At about the same time, I was invited to advise on a Senate paper that was to accompany a new lecture capture policy. This Senate paper eventually turned into a review paper with Peter McGeorge that was also posted as a preprint and on the basis of this work, I was invited to write my first article for Wonkhe. A few months later in May 2018, we submitted the original paper to the journal Higher Education.

Conferencing

In June, having been invited as a speaker off the back of the preprint, I attended the Media & Learning Conference. There I met Stuart Phillipson from the University of Manchester and John Couperthwaite from Echo360. I am now writing a paper with Stuart, along with Carolina Kuepper-Tetzel and Louise Robson (both of whom I met solely on Twitter, I am nothing if not a 21st century academic), and I’ll be giving a webinar for Echo360 in December.  I’ve also been invited to give a seminar at UCL next March, again, based on the preprinted work.

Most excitingly, in July I accepted a lectureship at the University of Glasgow which I will start on the 1 November. I am teaching-focused lecturer (by choice) and one of the specifications was a record of scholarship activity. Despite not having a pedagogical publication at the time of applying, the preprints made it clear that I met this criteria and allowed the university to see the quality of my work in a way that stating I had submitted manuscripts on my CV would not.

770 downloads

Without preprints, most of the above would not have happened.

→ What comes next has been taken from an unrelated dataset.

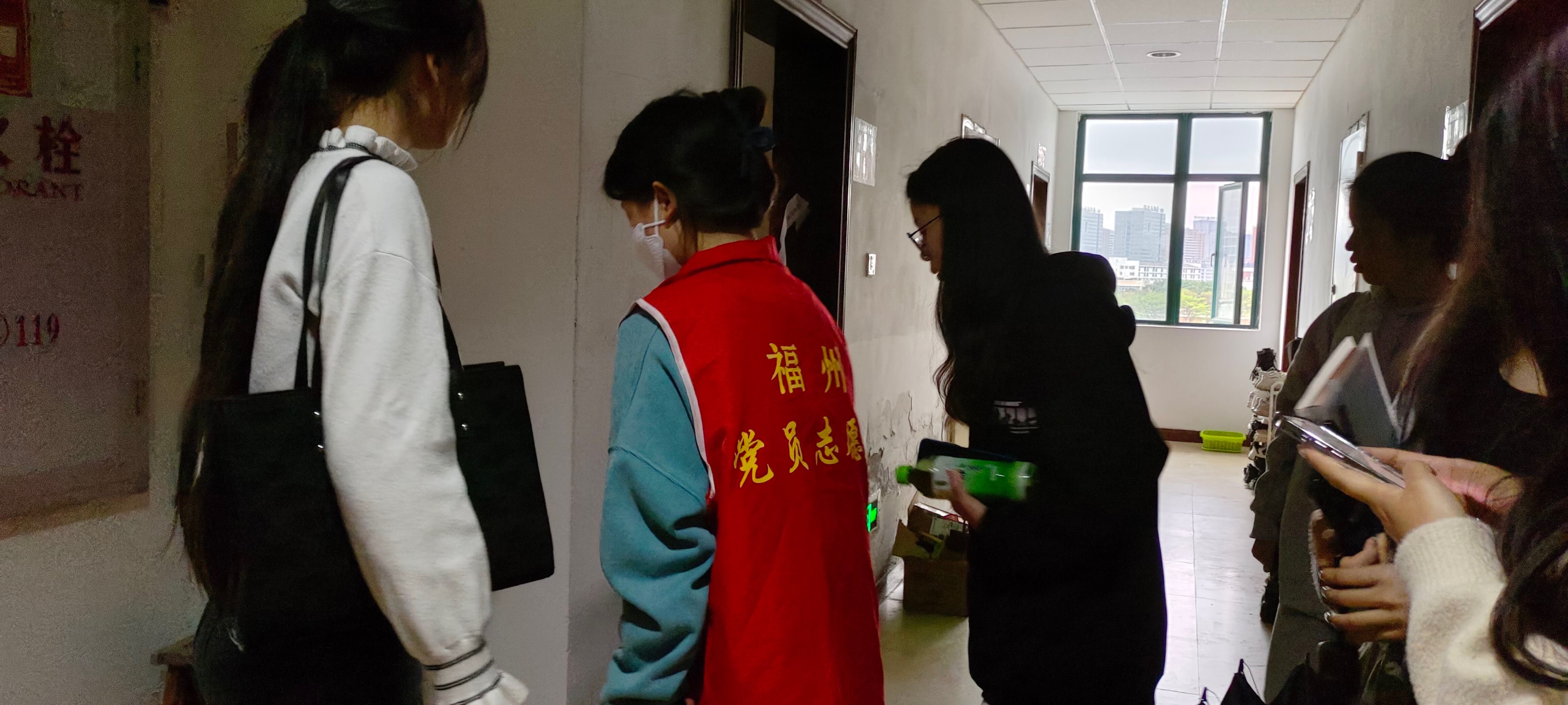 活动中,志愿者们身穿红马甲,引导同学们保持宿舍文明,成为学生公寓社区一道亮丽风景线。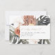 Cette carte de mariage RSVP présente des fleurs en terre cuite aquarelle avec des feuilles de palmiers tropicaux et une ambiance bohème. Utilisez ce modèle pour modifier la plupart des libellés, des polices, des couleurs de police et de la couleur de l'arrière - plan afin de correspondre au style de votre événement.

I’d still have done the work, but no one would know about it until this week and therefore I wouldn’t have been offered all the opportunities I’ve had. The day that the paper was accepted, the preprint had been downloaded 770 times.

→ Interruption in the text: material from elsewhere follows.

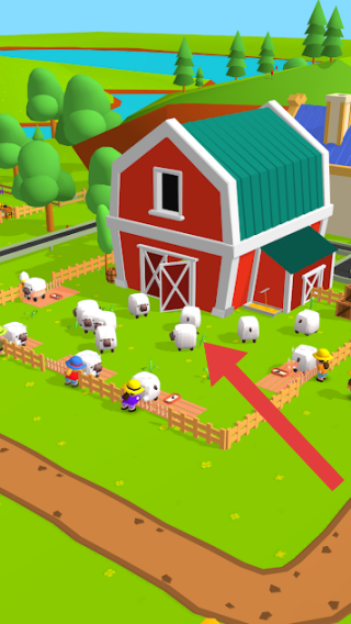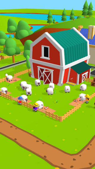 1、呈现了农场场景,有红色谷仓、羊群、戴着不同帽子的角色,还有河流、树木等环境元素,营造出休闲的农场经营氛围,玩家可经营管理绵羊农场,开展养殖等相关玩法。

As a teaching-focused academic my rate of publication is relatively slow – my current contract is 85% teaching and admin, 15% research – and I’m constrained in the conferences I can attend due to funding and a heavy teaching load. I (genuinely) enjoy the balance of my job and preprints have allowed me to establish a research profile in a new field (my subject specialism and previous publications are in psycholinguistics) and form new networks and collaborations. For those on the research track, particularly ECRs on fixed-term contracts, I would imagine that there are similar benefits to not being beholden to the often glacial speed of publishing.

Official publication is important and I’m not arguing otherwise – for my career I really needed that paper to be published. And while I may not have agreed with all of the comments the reviewers made, the paper is better for having undergone peer-review. Additionally, there are still some concerns surrounding preprints, although with most journals and a number of major funding bodies now accepting preprints these worries are starting to fade (see here and here for a good discussion and helpful guidelines).

The point of doing research is to communicate the results and by removing barriers to dissemination, preprints are often discussed in terms of their benefits to open science. But if that doesn’t convince you, then remember that they’re also good for entirely selfish reasons. If you are an ECR or an ECT (the term I’ve just made up for early career teaching track) I cannot recommend preprints strongly enough.